Your instructions:
The material below holds pictures, which are to be left out; copy exactly the lines from the one with "子ども・子育てビジョンの策定" through the one with "V PGD Selca".
*** Extracted information ***
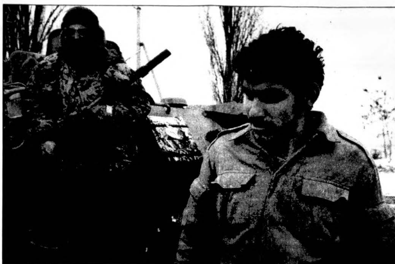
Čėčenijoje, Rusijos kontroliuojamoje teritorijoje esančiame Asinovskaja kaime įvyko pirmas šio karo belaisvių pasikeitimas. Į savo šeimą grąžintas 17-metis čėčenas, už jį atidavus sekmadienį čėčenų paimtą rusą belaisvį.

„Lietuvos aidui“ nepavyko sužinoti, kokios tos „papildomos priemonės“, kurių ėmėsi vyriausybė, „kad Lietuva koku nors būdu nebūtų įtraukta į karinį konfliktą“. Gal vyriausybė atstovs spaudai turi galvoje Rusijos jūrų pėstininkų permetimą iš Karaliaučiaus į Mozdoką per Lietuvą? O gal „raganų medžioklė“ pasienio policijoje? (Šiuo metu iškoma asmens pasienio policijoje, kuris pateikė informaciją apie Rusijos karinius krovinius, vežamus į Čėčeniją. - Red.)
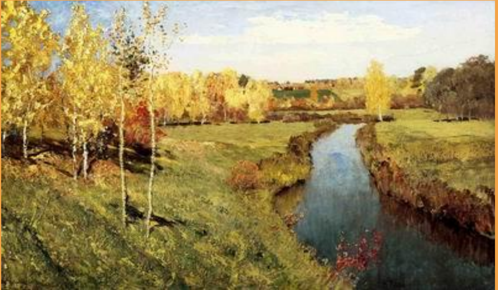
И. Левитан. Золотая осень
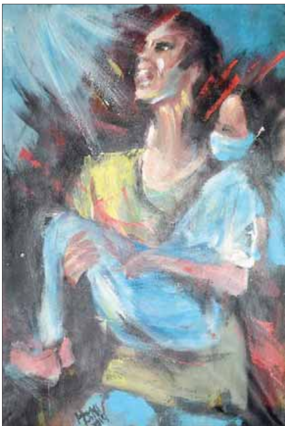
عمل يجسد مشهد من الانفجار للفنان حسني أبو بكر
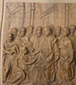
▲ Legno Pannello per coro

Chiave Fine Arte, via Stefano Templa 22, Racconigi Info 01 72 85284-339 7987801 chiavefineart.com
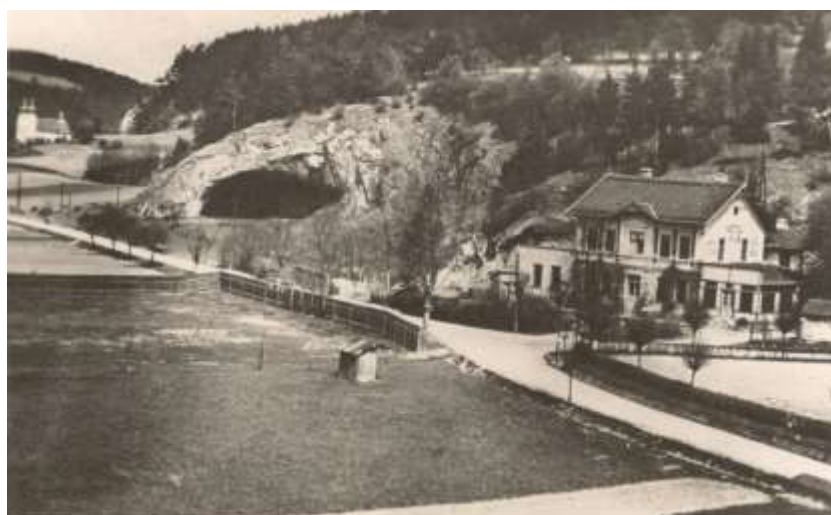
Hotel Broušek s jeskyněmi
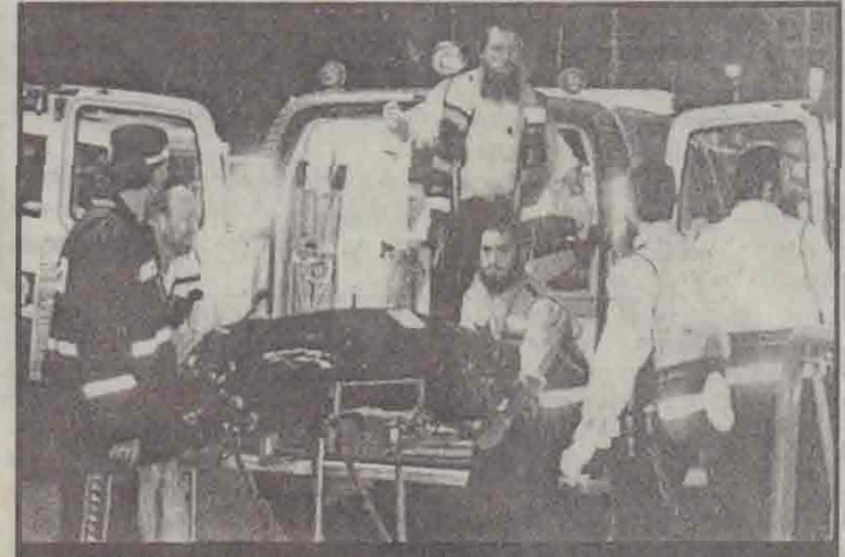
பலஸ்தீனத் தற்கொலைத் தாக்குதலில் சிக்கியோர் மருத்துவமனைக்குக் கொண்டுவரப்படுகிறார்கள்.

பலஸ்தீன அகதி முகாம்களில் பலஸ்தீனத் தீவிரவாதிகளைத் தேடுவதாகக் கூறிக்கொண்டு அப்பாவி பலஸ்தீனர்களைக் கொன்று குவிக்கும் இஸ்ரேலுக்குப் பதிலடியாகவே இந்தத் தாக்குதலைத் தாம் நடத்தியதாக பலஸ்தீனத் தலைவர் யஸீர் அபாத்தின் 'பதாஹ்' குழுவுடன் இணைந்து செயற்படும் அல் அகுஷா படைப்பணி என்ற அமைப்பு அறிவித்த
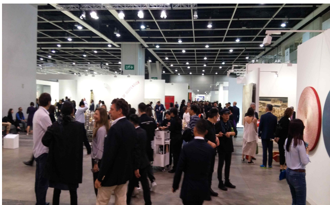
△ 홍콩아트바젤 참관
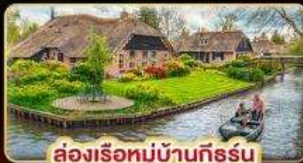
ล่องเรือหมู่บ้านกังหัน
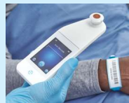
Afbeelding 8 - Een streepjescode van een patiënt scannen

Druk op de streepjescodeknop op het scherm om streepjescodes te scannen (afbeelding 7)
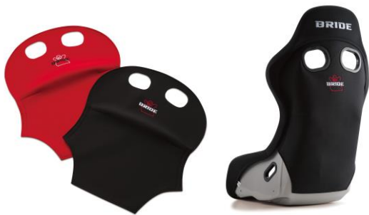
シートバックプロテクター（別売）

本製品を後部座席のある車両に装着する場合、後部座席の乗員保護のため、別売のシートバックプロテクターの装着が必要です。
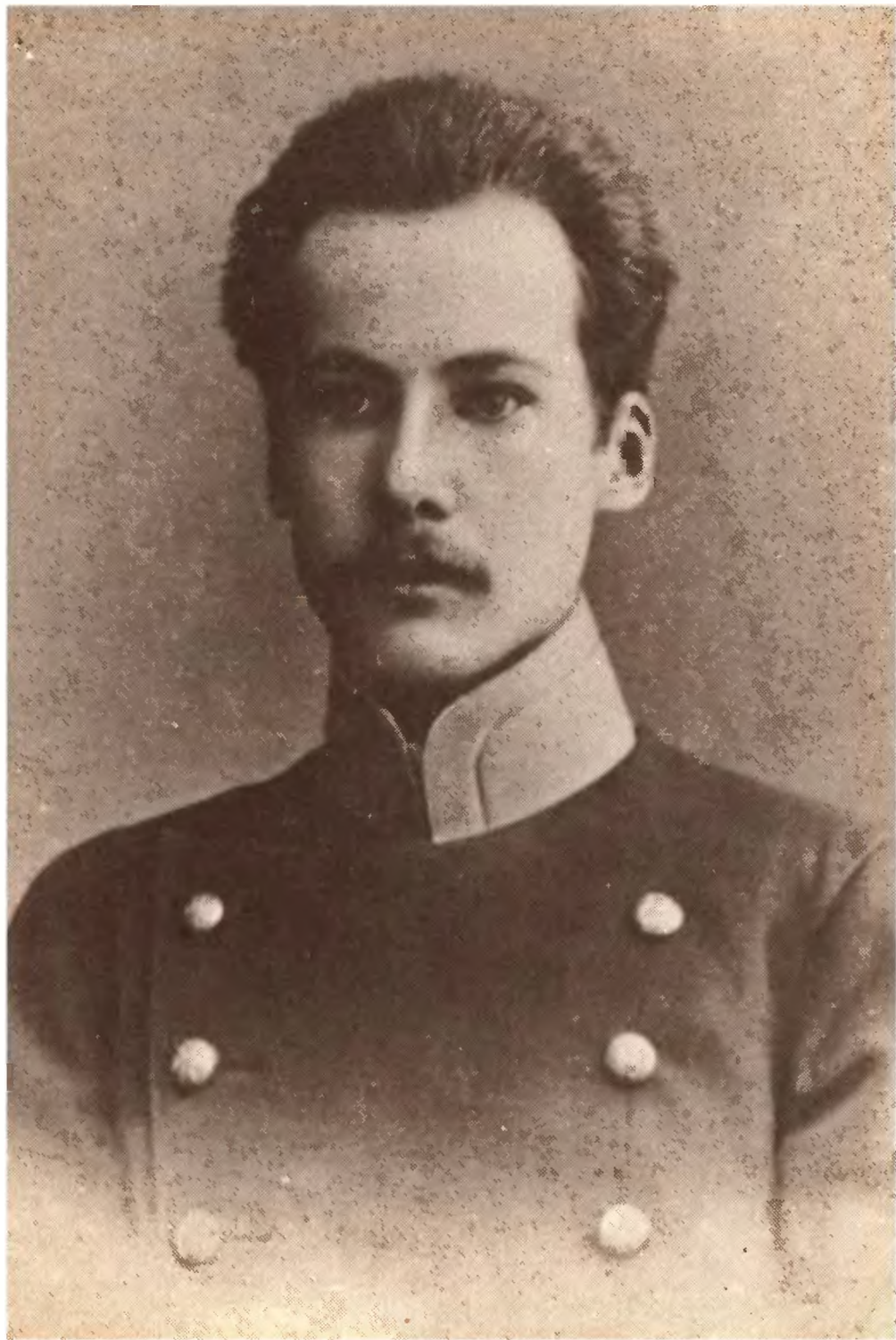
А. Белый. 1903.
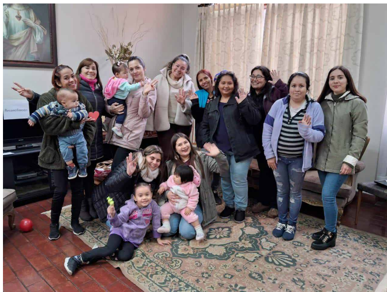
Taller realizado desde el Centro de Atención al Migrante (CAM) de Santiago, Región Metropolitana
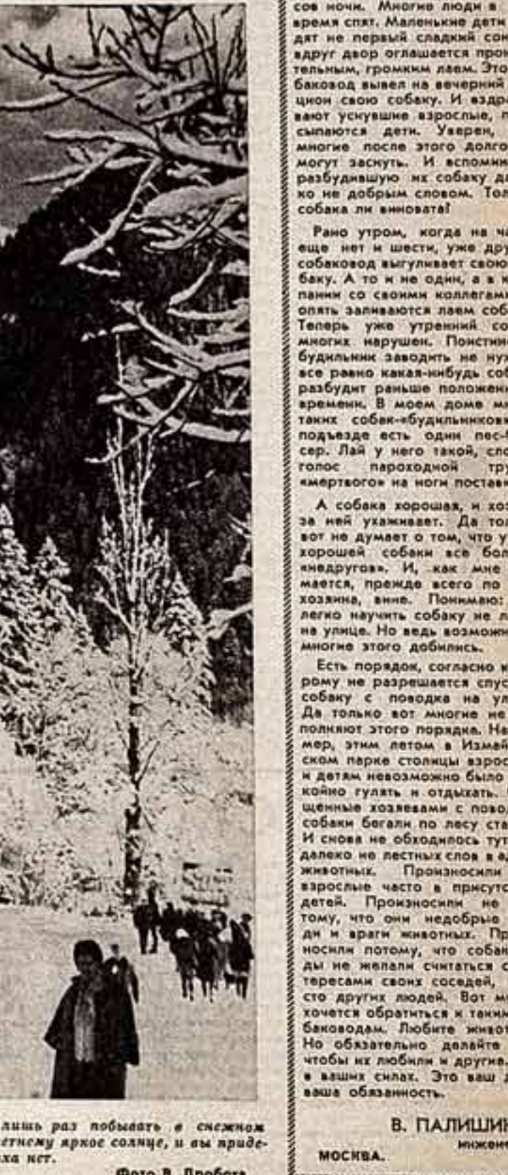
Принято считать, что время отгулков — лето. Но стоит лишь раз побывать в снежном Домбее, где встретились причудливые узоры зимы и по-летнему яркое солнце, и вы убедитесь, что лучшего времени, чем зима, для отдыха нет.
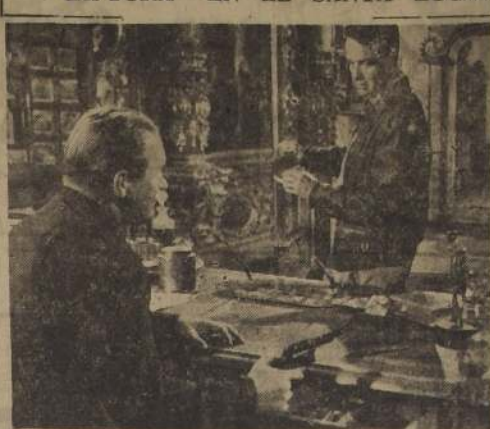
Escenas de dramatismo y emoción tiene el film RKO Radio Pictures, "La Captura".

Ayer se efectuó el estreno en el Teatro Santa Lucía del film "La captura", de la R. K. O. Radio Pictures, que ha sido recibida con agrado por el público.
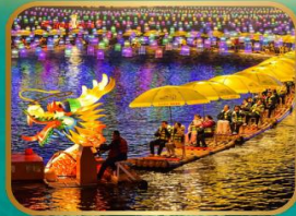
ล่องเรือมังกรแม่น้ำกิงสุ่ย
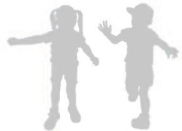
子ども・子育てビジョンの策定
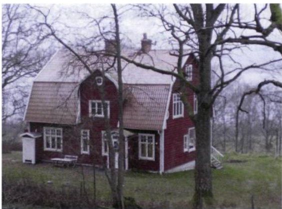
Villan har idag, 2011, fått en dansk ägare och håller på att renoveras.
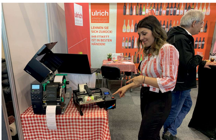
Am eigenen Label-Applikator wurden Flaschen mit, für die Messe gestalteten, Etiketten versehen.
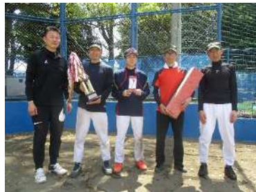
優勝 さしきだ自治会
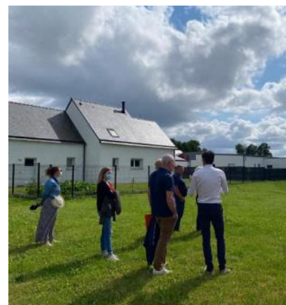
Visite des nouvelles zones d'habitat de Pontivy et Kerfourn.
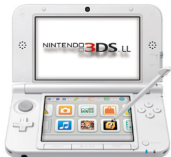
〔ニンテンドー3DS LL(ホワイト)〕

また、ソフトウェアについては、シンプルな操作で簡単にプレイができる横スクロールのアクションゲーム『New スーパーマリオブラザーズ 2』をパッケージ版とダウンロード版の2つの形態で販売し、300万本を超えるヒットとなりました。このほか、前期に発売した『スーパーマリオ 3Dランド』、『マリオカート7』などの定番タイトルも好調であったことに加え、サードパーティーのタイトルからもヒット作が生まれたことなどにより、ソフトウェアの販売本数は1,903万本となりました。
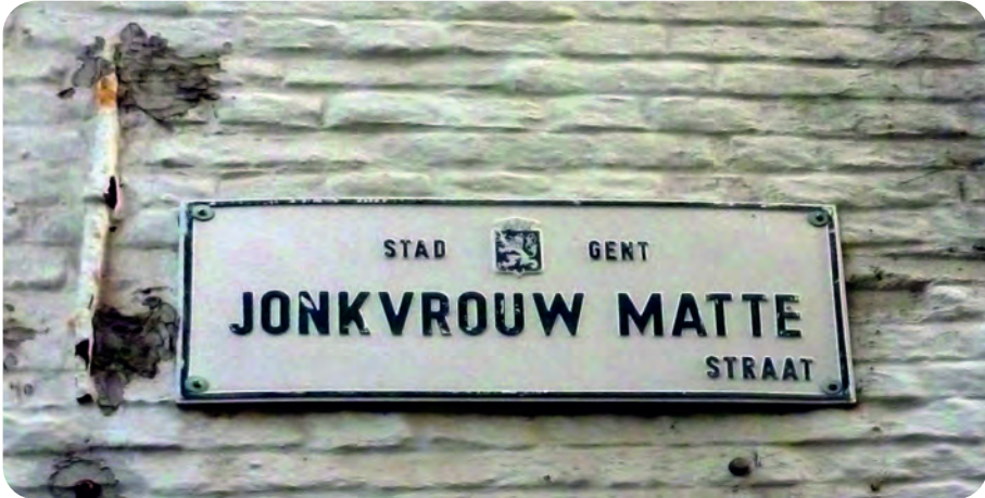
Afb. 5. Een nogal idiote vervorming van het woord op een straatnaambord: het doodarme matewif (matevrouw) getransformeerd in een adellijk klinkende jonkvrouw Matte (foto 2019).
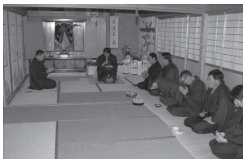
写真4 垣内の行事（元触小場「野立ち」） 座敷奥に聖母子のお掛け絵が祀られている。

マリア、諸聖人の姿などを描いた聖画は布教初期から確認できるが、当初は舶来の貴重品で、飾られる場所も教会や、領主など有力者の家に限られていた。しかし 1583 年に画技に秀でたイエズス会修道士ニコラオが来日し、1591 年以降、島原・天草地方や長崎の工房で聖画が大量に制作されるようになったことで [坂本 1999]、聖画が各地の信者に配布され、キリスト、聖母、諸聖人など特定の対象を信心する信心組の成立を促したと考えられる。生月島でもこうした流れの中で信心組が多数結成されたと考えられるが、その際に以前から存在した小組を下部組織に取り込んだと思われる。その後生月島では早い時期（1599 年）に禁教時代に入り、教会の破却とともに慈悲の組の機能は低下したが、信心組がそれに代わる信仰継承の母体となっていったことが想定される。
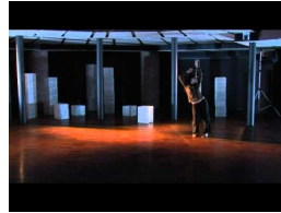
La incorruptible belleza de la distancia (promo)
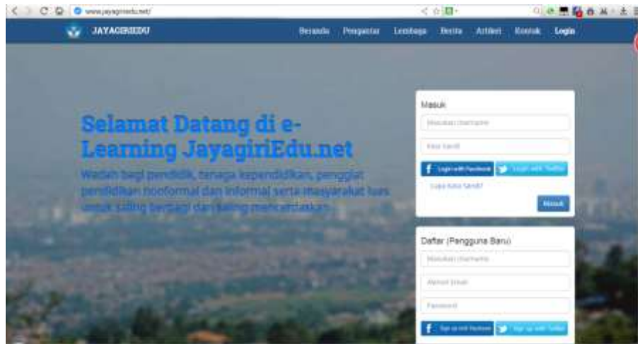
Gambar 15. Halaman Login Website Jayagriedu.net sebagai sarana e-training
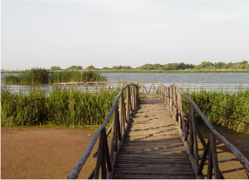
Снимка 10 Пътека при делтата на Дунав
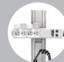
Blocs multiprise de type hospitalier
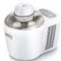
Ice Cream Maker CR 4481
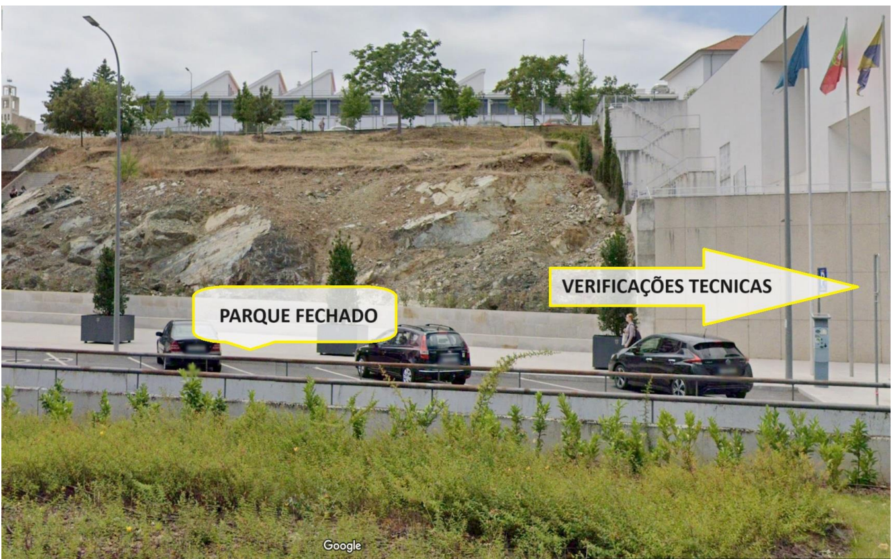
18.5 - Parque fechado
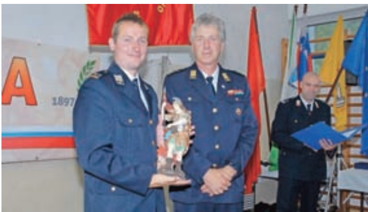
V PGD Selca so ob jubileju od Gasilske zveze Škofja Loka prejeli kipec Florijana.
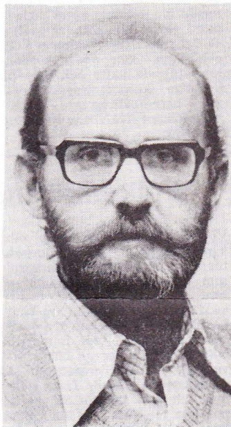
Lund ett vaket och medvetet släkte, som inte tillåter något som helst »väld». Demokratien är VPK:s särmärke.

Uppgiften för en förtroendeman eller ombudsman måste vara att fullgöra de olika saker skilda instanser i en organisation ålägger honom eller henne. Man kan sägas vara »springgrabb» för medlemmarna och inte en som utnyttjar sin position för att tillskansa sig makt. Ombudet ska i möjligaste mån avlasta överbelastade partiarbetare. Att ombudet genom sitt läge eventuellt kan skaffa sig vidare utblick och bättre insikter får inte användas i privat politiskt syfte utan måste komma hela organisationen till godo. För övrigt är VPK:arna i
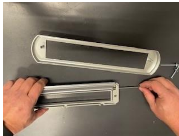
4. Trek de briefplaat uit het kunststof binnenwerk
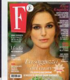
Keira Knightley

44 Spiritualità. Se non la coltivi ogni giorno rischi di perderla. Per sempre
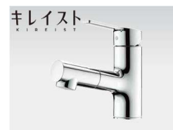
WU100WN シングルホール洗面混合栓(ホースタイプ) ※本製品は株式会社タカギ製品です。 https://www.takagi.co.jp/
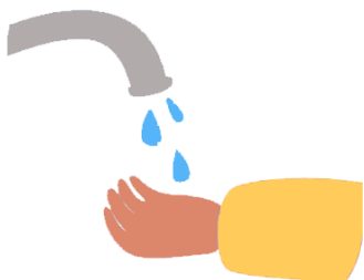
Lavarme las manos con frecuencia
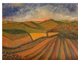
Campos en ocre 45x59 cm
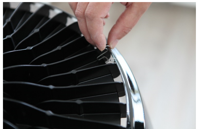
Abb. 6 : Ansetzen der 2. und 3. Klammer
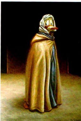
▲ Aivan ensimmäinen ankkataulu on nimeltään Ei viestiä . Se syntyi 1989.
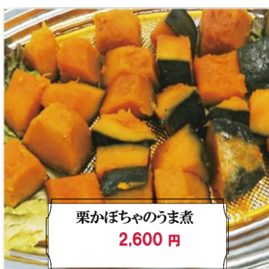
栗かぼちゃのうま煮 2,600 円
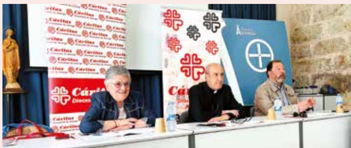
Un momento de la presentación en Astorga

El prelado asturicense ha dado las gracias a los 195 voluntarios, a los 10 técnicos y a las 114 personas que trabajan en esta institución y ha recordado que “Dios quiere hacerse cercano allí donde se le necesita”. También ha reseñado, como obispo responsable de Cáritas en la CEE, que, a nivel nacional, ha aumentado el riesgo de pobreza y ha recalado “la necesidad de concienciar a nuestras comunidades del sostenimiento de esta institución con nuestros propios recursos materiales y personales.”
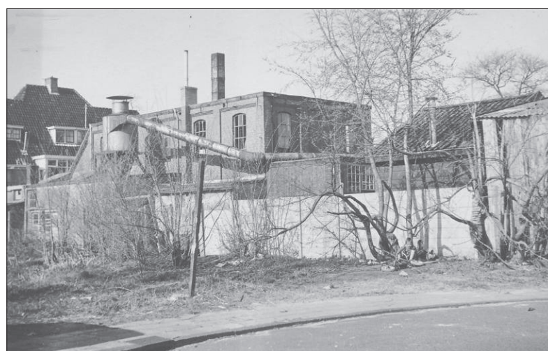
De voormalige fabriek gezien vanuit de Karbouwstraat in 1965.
*** End of Extracted information ***
Exercise output:
子ども・子育てビジョンの策定
Villan har idag, 2011, fått en dansk ägare och håller på att renoveras.
Am eigenen Label-Applikator wurden Flaschen mit, für die Messe gestalteten, Etiketten versehen.
優勝 さしきだ自治会
Visite des nouvelles zones d'habitat de Pontivy et Kerfourn.
〔ニンテンドー3DS LL(ホワイト)〕

また、ソフトウェアについては、シンプルな操作で簡単にプレイができる横スクロールのアクションゲーム『New スーパーマリオブラザーズ 2』をパッケージ版とダウンロード版の2つの形態で販売し、300万本を超えるヒットとなりました。このほか、前期に発売した『スーパーマリオ 3Dランド』、『マリオカート7』などの定番タイトルも好調であったことに加え、サードパーティーのタイトルからもヒット作が生まれたことなどにより、ソフトウェアの販売本数は1,903万本となりました。
Afb. 5. Een nogal idiote vervorming van het woord op een straatnaambord: het doodarme matewif (matevrouw) getransformeerd in een adellijk klinkende jonkvrouw Matte (foto 2019).
写真4 垣内の行事（元触小場「野立ち」） 座敷奥に聖母子のお掛け絵が祀られている。

マリア、諸聖人の姿などを描いた聖画は布教初期から確認できるが、当初は舶来の貴重品で、飾られる場所も教会や、領主など有力者の家に限られていた。しかし 1583 年に画技に秀でたイエズス会修道士ニコラオが来日し、1591 年以降、島原・天草地方や長崎の工房で聖画が大量に制作されるようになったことで [坂本 1999]、聖画が各地の信者に配布され、キリスト、聖母、諸聖人など特定の対象を信心する信心組の成立を促したと考えられる。生月島でもこうした流れの中で信心組が多数結成されたと考えられるが、その際に以前から存在した小組を下部組織に取り込んだと思われる。その後生月島では早い時期（1599 年）に禁教時代に入り、教会の破却とともに慈悲の組の機能は低下したが、信心組がそれに代わる信仰継承の母体となっていったことが想定される。
La incorruptible belleza de la distancia (promo)
Gambar 15. Halaman Login Website Jayagriedu.net sebagai sarana e-training
Снимка 10 Пътека при делтата на Дунав
Blocs multiprise de type hospitalier
Ice Cream Maker CR 4481
18.5 - Parque fechado
V PGD Selca so ob jubileju od Gasilske zveze Škofja Loka prejeli kipec Florijana.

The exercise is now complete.